EXERCISE DATA
Segment Open
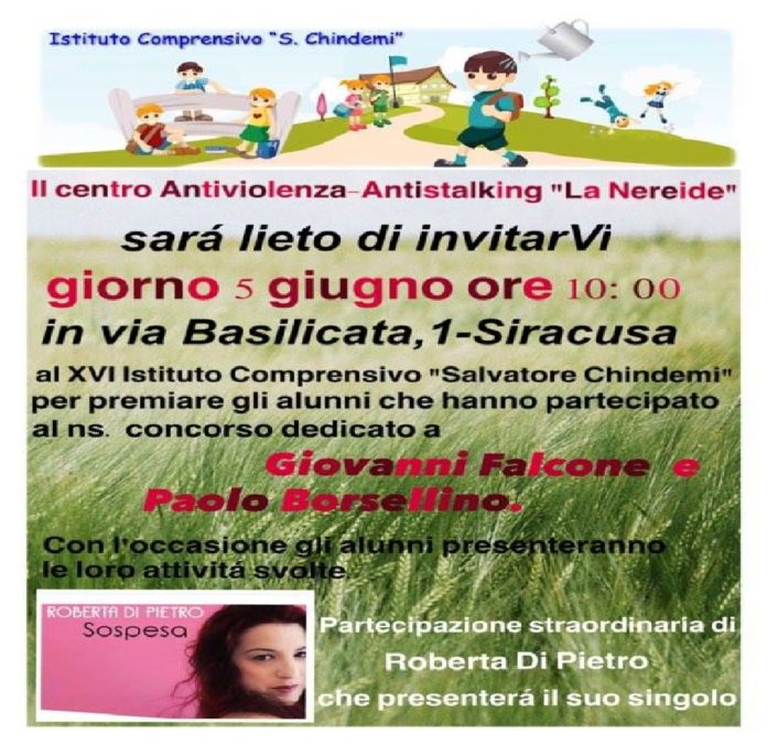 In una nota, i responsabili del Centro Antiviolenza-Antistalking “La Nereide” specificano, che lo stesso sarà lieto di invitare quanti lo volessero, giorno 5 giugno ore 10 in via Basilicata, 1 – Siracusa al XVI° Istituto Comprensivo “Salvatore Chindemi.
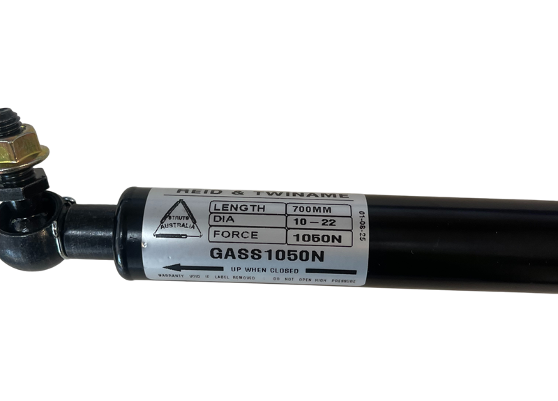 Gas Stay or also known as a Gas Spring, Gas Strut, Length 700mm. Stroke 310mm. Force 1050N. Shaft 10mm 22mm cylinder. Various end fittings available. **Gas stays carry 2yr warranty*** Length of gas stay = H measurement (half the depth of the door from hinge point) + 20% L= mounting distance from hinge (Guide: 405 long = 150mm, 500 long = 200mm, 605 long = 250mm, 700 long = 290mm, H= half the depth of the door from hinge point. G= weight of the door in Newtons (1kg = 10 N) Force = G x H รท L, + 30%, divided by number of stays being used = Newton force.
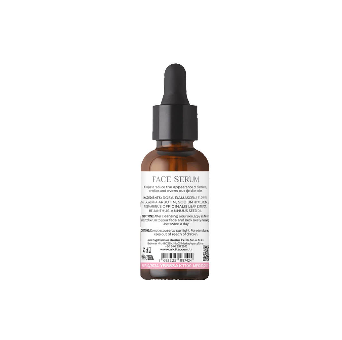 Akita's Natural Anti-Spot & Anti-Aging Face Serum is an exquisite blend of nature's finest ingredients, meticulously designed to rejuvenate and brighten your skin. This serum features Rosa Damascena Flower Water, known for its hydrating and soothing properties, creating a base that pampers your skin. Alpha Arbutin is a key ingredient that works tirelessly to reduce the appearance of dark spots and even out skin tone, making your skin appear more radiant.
Segment Closed
WORK REQUEST
Retype exactly. Include each line from the start of the material through the line holding "Gas Stay or", and leave the pictures out.

ANSWER SECTION
 In una nota, i responsabili del Centro Antiviolenza-Antistalking “La Nereide” specificano, che lo stesso sarà lieto di invitare quanti lo volessero, giorno 5 giugno ore 10 in via Basilicata, 1 – Siracusa al XVI° Istituto Comprensivo “Salvatore Chindemi.
 Gas Stay or also known as a Gas Spring, Gas Strut, Length 700mm. Stroke 310mm. Force 1050N. Shaft 10mm 22mm cylinder. Various end fittings available. **Gas stays carry 2yr warranty*** Length of gas stay = H measurement (half the depth of the door from hinge point) + 20% L= mounting distance from hinge (Guide: 405 long = 150mm, 500 long = 200mm, 605 long = 250mm, 700 long = 290mm, H= half the depth of the door from hinge point. G= weight of the door in Newtons (1kg = 10 N) Force = G x H รท L, + 30%, divided by number of stays being used = Newton force.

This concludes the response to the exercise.